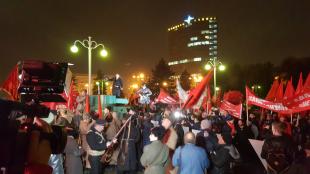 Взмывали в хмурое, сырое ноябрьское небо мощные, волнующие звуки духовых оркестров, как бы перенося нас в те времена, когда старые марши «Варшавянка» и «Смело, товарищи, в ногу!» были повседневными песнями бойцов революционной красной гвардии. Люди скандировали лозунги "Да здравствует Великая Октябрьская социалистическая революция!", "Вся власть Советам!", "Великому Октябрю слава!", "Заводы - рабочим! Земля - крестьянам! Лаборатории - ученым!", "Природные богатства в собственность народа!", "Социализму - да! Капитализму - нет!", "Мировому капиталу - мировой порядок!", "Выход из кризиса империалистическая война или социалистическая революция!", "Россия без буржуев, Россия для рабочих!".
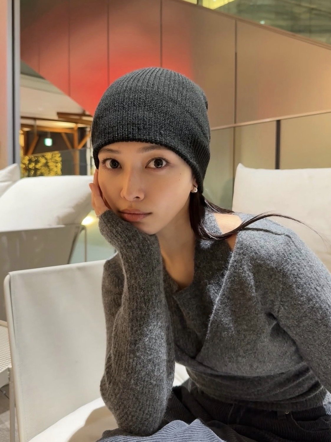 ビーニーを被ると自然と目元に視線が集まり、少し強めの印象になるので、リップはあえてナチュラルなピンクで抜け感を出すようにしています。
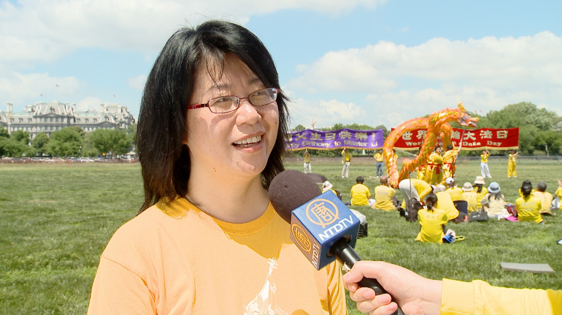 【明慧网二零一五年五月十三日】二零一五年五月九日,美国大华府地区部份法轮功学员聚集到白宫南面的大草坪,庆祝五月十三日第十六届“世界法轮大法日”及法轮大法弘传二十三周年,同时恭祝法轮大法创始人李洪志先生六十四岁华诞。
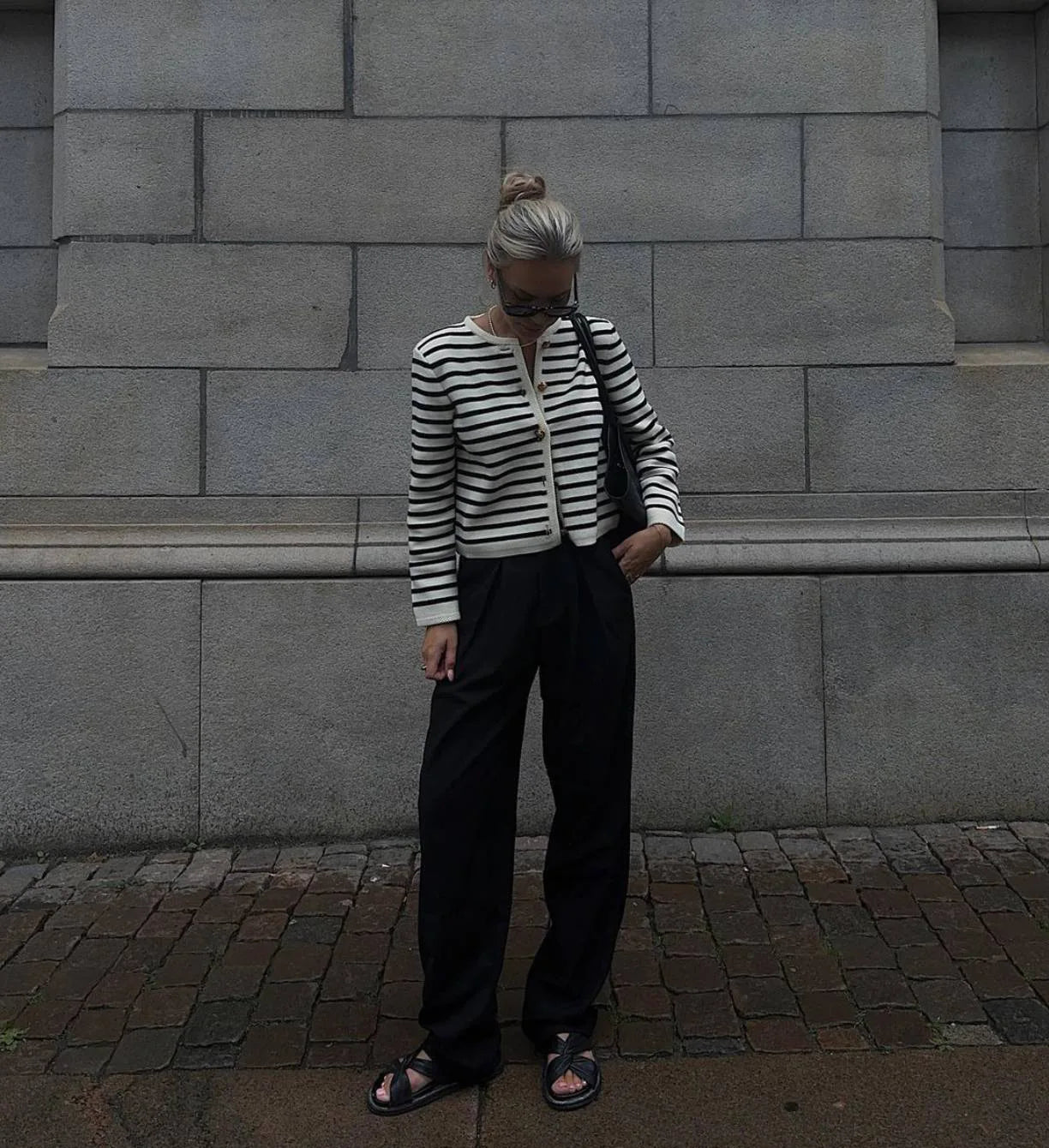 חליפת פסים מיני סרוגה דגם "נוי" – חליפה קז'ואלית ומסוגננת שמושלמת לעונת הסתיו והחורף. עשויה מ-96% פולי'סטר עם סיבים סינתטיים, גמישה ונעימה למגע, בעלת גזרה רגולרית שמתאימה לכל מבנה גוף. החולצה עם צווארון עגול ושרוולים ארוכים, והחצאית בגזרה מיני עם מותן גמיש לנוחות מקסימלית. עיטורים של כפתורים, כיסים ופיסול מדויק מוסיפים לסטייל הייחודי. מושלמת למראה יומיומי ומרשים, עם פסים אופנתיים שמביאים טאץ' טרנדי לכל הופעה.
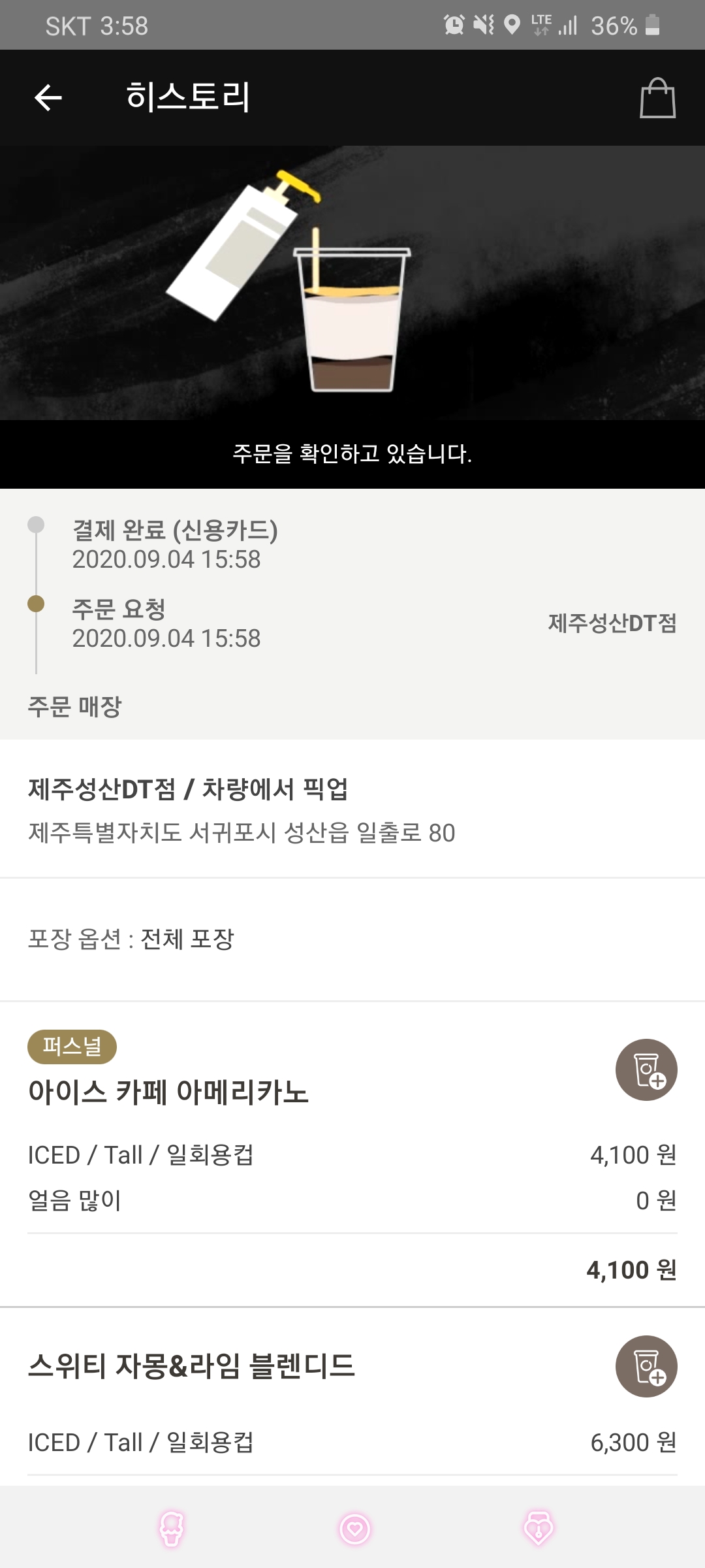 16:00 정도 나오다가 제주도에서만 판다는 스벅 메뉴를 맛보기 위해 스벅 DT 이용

===============

• Assignment
Reproduce the whole listing above word for word, dropping each image.

• Solution
 Взмывали в хмурое, сырое ноябрьское небо мощные, волнующие звуки духовых оркестров, как бы перенося нас в те времена, когда старые марши «Варшавянка» и «Смело, товарищи, в ногу!» были повседневными песнями бойцов революционной красной гвардии. Люди скандировали лозунги "Да здравствует Великая Октябрьская социалистическая революция!", "Вся власть Советам!", "Великому Октябрю слава!", "Заводы - рабочим! Земля - крестьянам! Лаборатории - ученым!", "Природные богатства в собственность народа!", "Социализму - да! Капитализму - нет!", "Мировому капиталу - мировой порядок!", "Выход из кризиса империалистическая война или социалистическая революция!", "Россия без буржуев, Россия для рабочих!".
 ビーニーを被ると自然と目元に視線が集まり、少し強めの印象になるので、リップはあえてナチュラルなピンクで抜け感を出すようにしています。
 【明慧网二零一五年五月十三日】二零一五年五月九日,美国大华府地区部份法轮功学员聚集到白宫南面的大草坪,庆祝五月十三日第十六届“世界法轮大法日”及法轮大法弘传二十三周年,同时恭祝法轮大法创始人李洪志先生六十四岁华诞。
 חליפת פסים מיני סרוגה דגם "נוי" – חליפה קז'ואלית ומסוגננת שמושלמת לעונת הסתיו והחורף. עשויה מ-96% פולי'סטר עם סיבים סינתטיים, גמישה ונעימה למגע, בעלת גזרה רגולרית שמתאימה לכל מבנה גוף. החולצה עם צווארון עגול ושרוולים ארוכים, והחצאית בגזרה מיני עם מותן גמיש לנוחות מקסימלית. עיטורים של כפתורים, כיסים ופיסול מדויק מוסיפים לסטייל הייחודי. מושלמת למראה יומיומי ומרשים, עם פסים אופנתיים שמביאים טאץ' טרנדי לכל הופעה.
 16:00 정도 나오다가 제주도에서만 판다는 스벅 메뉴를 맛보기 위해 스벅 DT 이용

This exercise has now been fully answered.